* [What needs to be done]
From the listing below, restate word for word the lines from the line containing "Drużyna z PSP" down through the line containing "Appearance: Shiny, metallic, and". Exclude pictures.

* [Data for review]
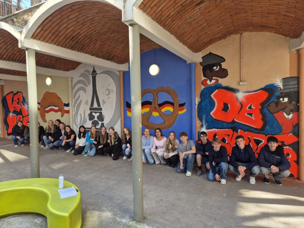 Auch in diesem Jahr konnten wieder 21 Schülerinnen und Schüler nach Paris reisen und dort schöne Tage in ihren Gastfamilien verbringen. Neben Sightseeing, der Jagd auf Souvenirs und dem Probieren französischer Spezialitäten – allen voran Baguettes, Croissants, Crêpes und Macarons – standen natürlich auch gemeinsame Aktivitäten mit der französischen Gruppe auf dem Programm: Wir wurden an unserer Partnerschule mit einem kleinen Frühstück begrüßt, durften den Blick auf den Eiffel-Turm aus der obersten Etage genießen und gemeinsam eine „Mur de l´amitié“ künstlerisch gestalten.
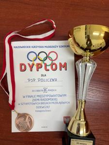 Drużyna z PSP Policzna, pod opieką pani Olgi Adamiec, wykazała się znakomitą formą, ogromnym zaangażowaniem i wolą walki. Dzięki świetnej współpracy i taktyce wywalczyły brązowy medal, meldując się na podium jako trzecia najlepsza drużyna południowego Mazowsza w swojej kategorii wiekowej.
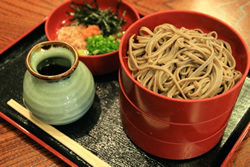 ![]() 年間を通じて参拝客が途絶えない出雲大社 ![]() 出雲大社名物「出雲そば」は殻ごと挽くのでやや黒いおそば
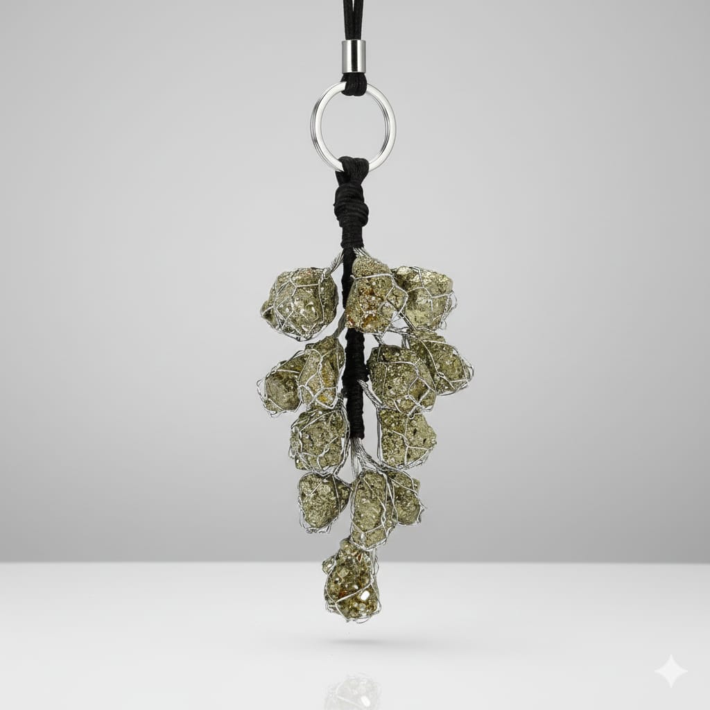 Appearance: Shiny, metallic, and gold-like. As a hanging, it usually consists of raw, unpolished chunks of pyrite suspended by a cord or metallic chain.
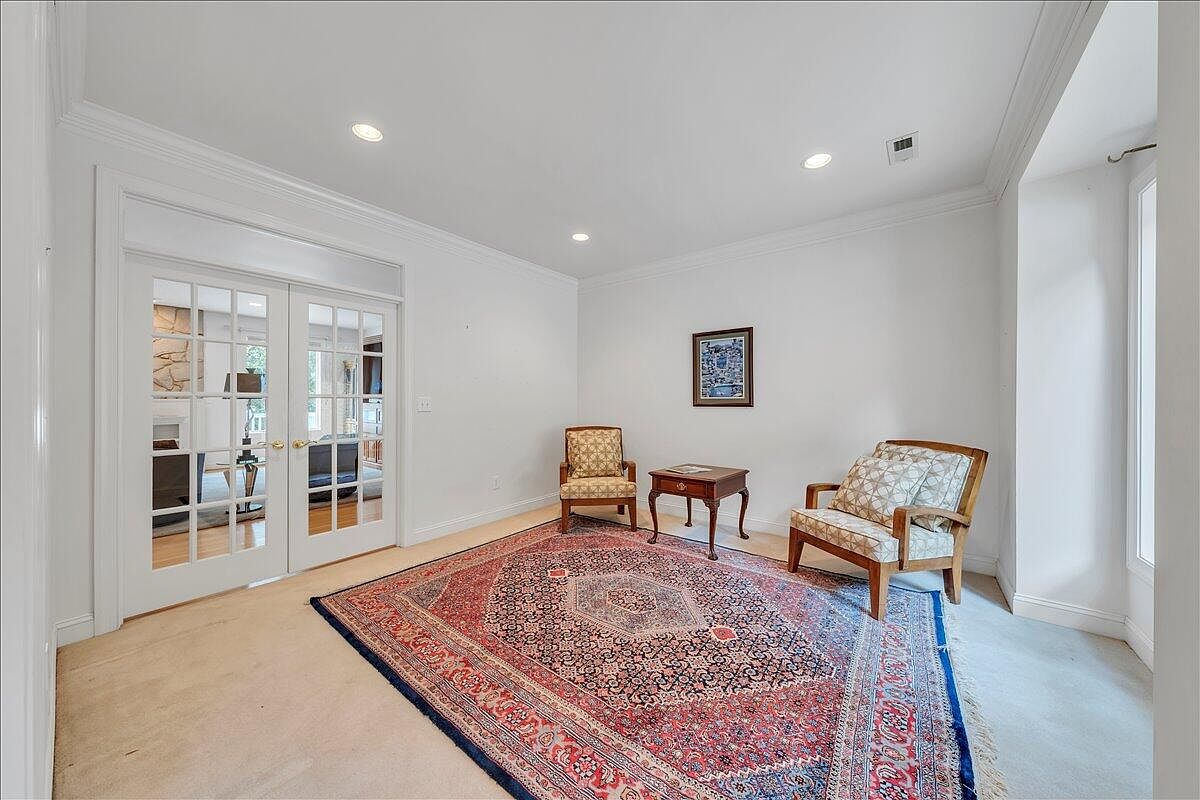 A cozy sitting room features a light neutral wall color that enhances the natural light filtering in. At the center, an ornate Persian rug adds warmth and color, with intricate patterns of reds, blues, and ivory. Two vintage armchairs with patterned upholstery complement the rug, positioned around a small wooden side table that exhibits classic design. The room showcases elegant crown molding along the ceiling. Light fixtures recessed into the ceiling provide soft illumination. Glass-paneled double doors lead to another space, inviting an open feel while maintaining privacy.
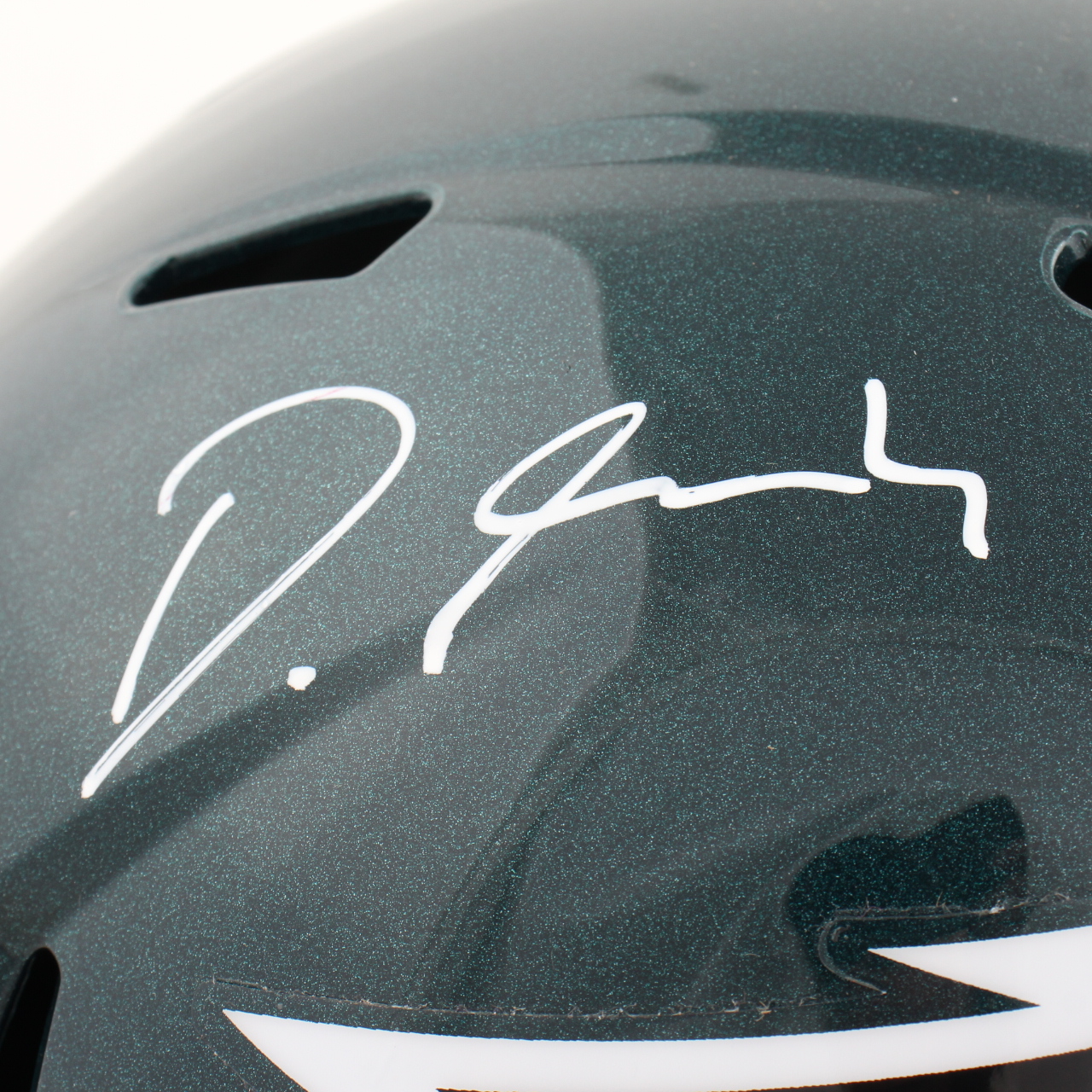 Riddell Philadelphia Eagles Full-Size replica Speed helmet has been hand-signed by DeVonta Smith.

* [Response area]
 Drużyna z PSP Policzna, pod opieką pani Olgi Adamiec, wykazała się znakomitą formą, ogromnym zaangażowaniem i wolą walki. Dzięki świetnej współpracy i taktyce wywalczyły brązowy medal, meldując się na podium jako trzecia najlepsza drużyna południowego Mazowsza w swojej kategorii wiekowej.
 ![]() 年間を通じて参拝客が途絶えない出雲大社 ![]() 出雲大社名物「出雲そば」は殻ごと挽くのでやや黒いおそば
 Appearance: Shiny, metallic, and gold-like. As a hanging, it usually consists of raw, unpolished chunks of pyrite suspended by a cord or metallic chain.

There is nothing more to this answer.